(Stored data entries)
_ _ _ _

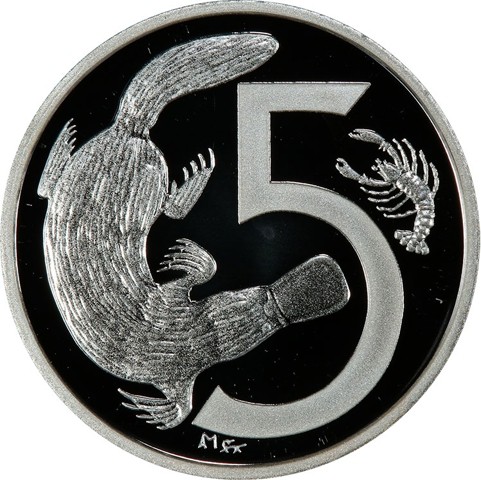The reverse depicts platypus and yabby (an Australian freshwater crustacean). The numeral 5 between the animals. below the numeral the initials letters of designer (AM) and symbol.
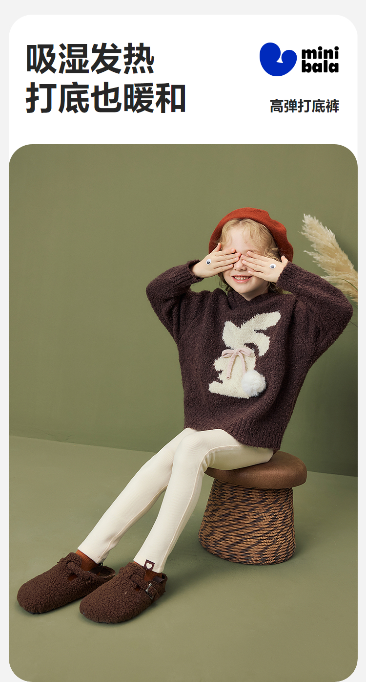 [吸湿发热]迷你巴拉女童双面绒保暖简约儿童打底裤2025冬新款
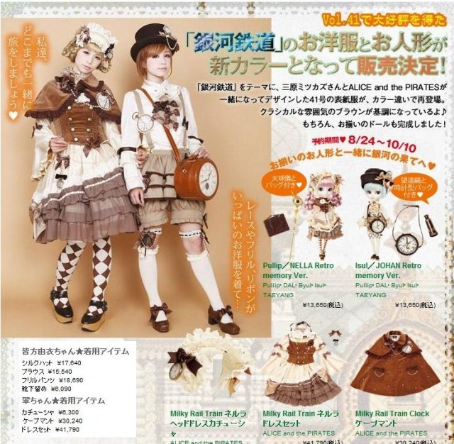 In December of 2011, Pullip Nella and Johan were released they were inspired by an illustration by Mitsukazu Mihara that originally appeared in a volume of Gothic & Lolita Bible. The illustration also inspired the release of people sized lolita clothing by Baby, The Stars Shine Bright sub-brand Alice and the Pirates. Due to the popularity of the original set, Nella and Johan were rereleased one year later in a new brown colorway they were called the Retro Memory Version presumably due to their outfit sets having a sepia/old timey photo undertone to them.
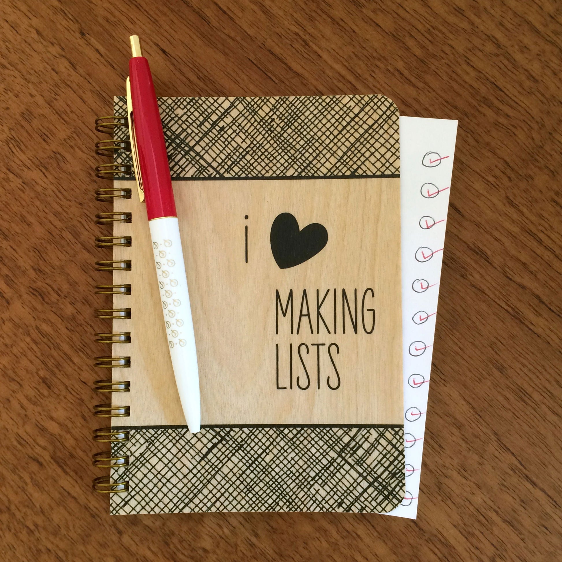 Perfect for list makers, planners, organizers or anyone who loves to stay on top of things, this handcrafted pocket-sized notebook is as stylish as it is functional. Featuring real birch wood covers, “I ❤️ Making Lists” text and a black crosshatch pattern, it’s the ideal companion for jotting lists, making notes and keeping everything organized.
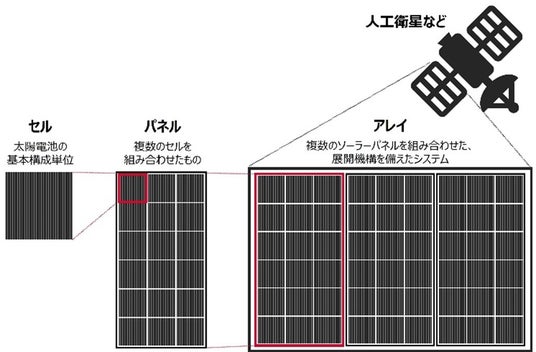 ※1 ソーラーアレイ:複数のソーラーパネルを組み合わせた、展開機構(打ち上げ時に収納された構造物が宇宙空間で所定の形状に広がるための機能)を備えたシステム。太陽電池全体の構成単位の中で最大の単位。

_ _ _ _

> [Your instructions] Pictures are to be left out, and the lines from the beginning of the records through the line with "[吸湿发热]迷你巴拉女童双面绒保暖简约儿童打底裤2025冬新款" are to be printed exactly, with nothing added.

> [Reply]
The reverse depicts platypus and yabby (an Australian freshwater crustacean). The numeral 5 between the animals. below the numeral the initials letters of designer (AM) and symbol.
 [吸湿发热]迷你巴拉女童双面绒保暖简约儿童打底裤2025冬新款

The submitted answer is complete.